What Children Are Actually Watching
Children notice far more than they are given credit for, and they absorb far more from what they see than from what they are told. When a parent gives up a Saturday to help run an event, when a committee member stays up late coordinating logistics, when a teacher enthusiastically participates in a fundraiser they absolutely did not have to join, children are watching all of it.
What they are seeing, without quite having the vocabulary to name it, is that adults in their community choose to give their time and energy to things that do not directly benefit themselves. That showing up matters. That ordinary people can make meaningful things happen for the people around them. These are not small observations. They are foundational ones, and they shape how children think about their own capacity to contribute to their community long after the school fun run is over.

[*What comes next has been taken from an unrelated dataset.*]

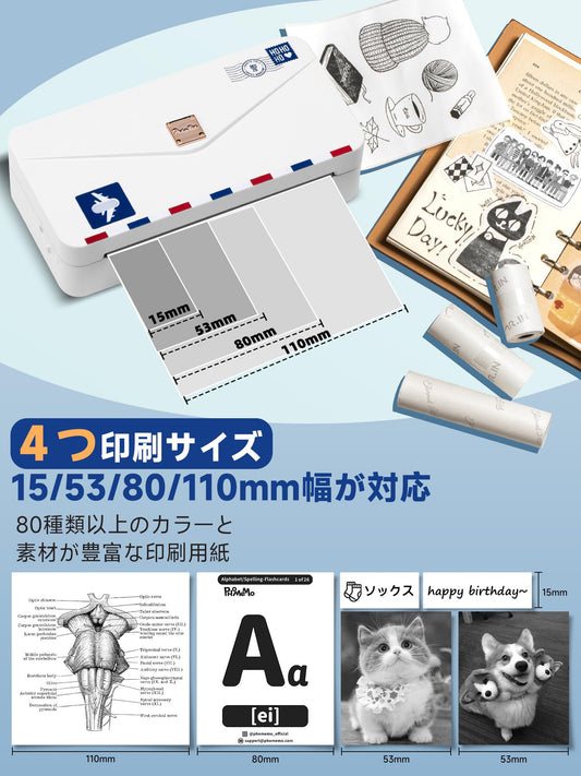 サーマルプリンター モバイルプリンター ラベルライター ラベルプリンター スマホ対応 モノクロ Memoking M04AS 感熱プリンター 15mm 53mm・80mm 110mm用紙対応 300dpi 文書/写真/ノート/手帳/ラベルに最適 クリスマスギフト フォメモ 多言語に対応 ホワイト在宅勤務 自宅学習 プレゼント
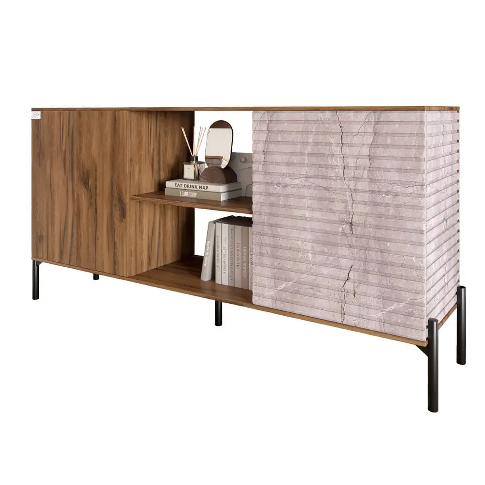 Комод відкритий на чорних металевих ніжках LION Грей Дуб Ліворно/Камінь (LION-042794)

Why Making Volunteering Easier Actually Matters
There is an important implication here that goes beyond gratitude. If the lessons children absorb depend on adults being willing and able to show up, then anything that makes volunteering harder reduces the quality and frequency of those lessons. Burnout, exhaustion, and committee turnover are not just operational problems. They quietly reduce the number of moments children have to observe community responsibility in action.
This is one of the reasons Australian Fundraising has spent more than 26 years refining a model designed to reduce the load on school volunteers. Every coordinator supported by a dedicated Fundraising Coach is a coordinator who can focus their energy on their community rather than on navigating logistics alone. When Caningeraba State School’s P&C, made up almost entirely of full-time workers with limited spare hours, was able to raise $91,124 for their school playground, it was because the system around them made it possible to show up without burning out. Every child who watched that committee celebrate that result witnessed something important about what communities do for each other.
The Ripple Continues
National Volunteer Week is a meaningful prompt to say thank you. And thank you is not said nearly enough to the people who make school fundraising ideas possible: coordinators, P&C committee members, event-day helpers, teachers who dress as monsters, and parents who quietly do more than anyone ever asks of them.

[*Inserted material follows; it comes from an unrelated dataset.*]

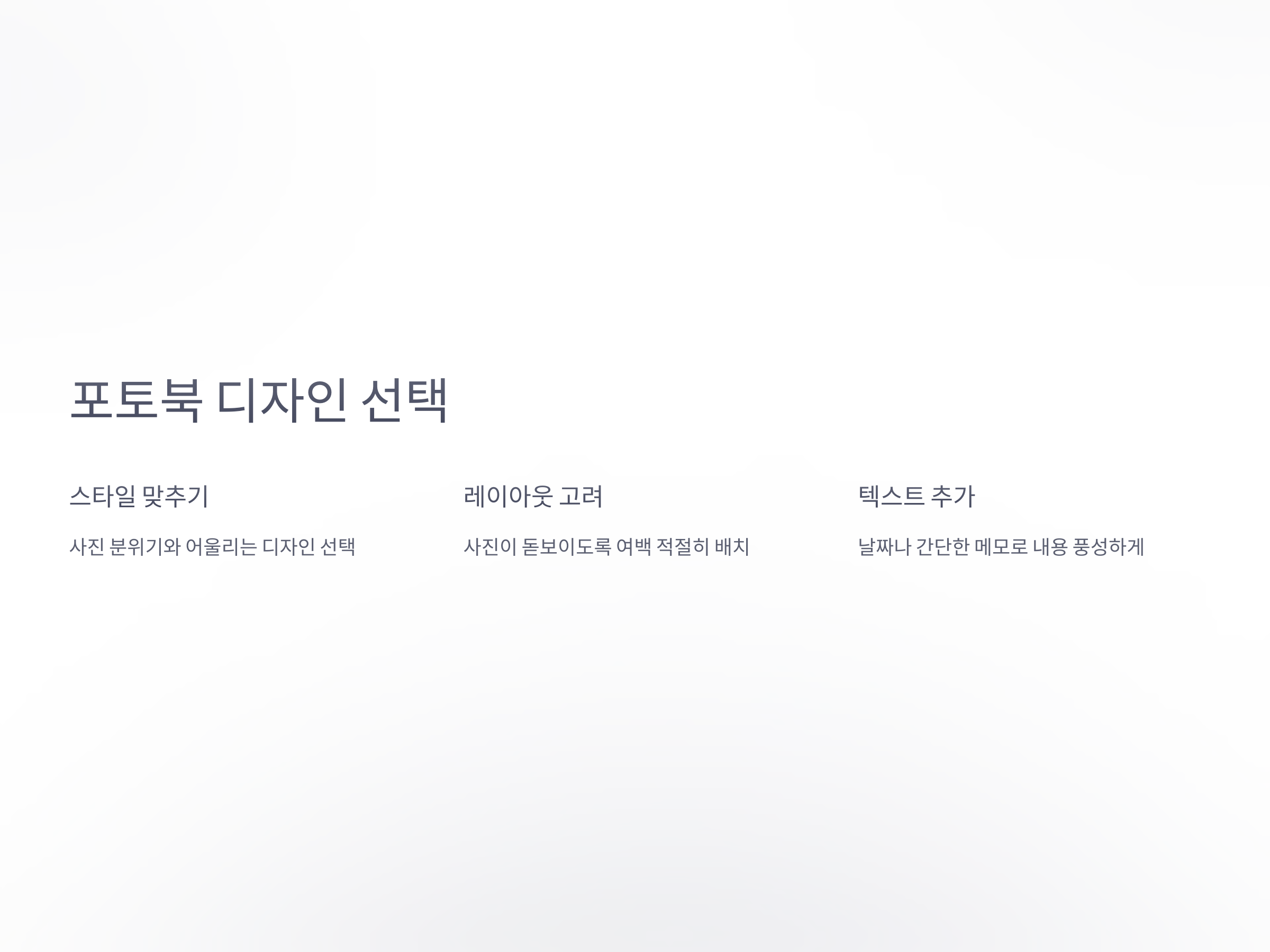 포토북의 레이아웃도 중요한 요소입니다. 각 페이지마다 몇 장의 사진을 배치할지, 사진의 크기와 배치를 어떻게 할지 등을 결정해야 합니다. 이 때, 디자인을 과하게 채우기보다는 각 사진이 돋보일 수 있도록 여백을 적절히 두는 것이 더 고급스럽고 깔끔한 느낌을 줍니다. 또한 사진에 텍스트를 추가할 수 있는 옵션도 있으니, 필요한 경우 날짜나 간단한 메모를 추가하여 더 풍성한 내용을 담을 수 있습니다.

But it is worth naming what this work actually produces beyond the fundraising total. It produces a generation of children who have seen, in their own communities, what it looks like when people choose to give their time to something worth giving it to. That is an extraordinary thing to give a child. And it happens every time someone volunteers to help run a school fun run or fundraiser.
To every coordinator and committee member making this possible across Australia: thank you. Australian Fundraising is proud to work alongside you.